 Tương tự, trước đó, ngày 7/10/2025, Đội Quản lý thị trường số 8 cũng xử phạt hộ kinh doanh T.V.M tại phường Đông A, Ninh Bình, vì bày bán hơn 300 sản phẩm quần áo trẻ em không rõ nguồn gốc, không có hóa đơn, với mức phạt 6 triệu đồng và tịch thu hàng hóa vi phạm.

---

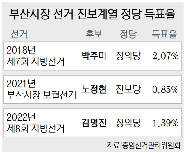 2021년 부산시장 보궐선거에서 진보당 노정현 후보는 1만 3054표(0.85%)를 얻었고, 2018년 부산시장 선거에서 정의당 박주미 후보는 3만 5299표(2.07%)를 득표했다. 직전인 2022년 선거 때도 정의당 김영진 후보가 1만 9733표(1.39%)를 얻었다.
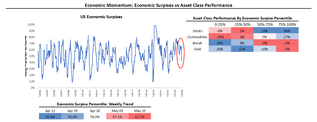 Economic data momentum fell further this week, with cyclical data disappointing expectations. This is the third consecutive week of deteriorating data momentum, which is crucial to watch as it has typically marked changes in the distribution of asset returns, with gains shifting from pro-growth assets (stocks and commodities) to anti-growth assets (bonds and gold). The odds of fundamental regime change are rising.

* * *

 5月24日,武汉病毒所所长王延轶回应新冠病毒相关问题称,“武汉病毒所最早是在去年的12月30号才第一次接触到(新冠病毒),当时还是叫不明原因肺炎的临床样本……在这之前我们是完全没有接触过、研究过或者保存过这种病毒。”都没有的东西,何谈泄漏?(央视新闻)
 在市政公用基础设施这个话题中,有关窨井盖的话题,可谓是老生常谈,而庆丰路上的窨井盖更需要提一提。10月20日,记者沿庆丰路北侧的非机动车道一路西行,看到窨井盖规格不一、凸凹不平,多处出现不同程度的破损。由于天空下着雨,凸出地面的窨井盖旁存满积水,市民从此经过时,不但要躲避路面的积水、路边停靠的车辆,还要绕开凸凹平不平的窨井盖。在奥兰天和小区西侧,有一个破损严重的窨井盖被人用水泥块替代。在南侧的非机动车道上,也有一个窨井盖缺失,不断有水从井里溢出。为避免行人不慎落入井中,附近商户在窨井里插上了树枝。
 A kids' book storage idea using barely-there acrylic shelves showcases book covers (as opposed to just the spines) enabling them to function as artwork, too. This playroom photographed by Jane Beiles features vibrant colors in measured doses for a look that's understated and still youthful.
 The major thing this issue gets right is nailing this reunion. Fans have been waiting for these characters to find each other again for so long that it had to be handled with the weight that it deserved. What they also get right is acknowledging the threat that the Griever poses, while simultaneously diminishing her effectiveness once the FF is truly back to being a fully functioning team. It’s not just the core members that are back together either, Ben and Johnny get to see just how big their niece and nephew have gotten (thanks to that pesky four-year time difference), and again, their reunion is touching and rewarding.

■ **WHAT THE EXERCISE ASKS**
In the data above, which lines have "just"? Report each of them.

■ **ANSWER BELOW**
 A kids' book storage idea using barely-there acrylic shelves showcases book covers (as opposed to just the spines) enabling them to function as artwork, too. This playroom photographed by Jane Beiles features vibrant colors in measured doses for a look that's understated and still youthful.
 The major thing this issue gets right is nailing this reunion. Fans have been waiting for these characters to find each other again for so long that it had to be handled with the weight that it deserved. What they also get right is acknowledging the threat that the Griever poses, while simultaneously diminishing her effectiveness once the FF is truly back to being a fully functioning team. It’s not just the core members that are back together either, Ben and Johnny get to see just how big their niece and nephew have gotten (thanks to that pesky four-year time difference), and again, their reunion is touching and rewarding.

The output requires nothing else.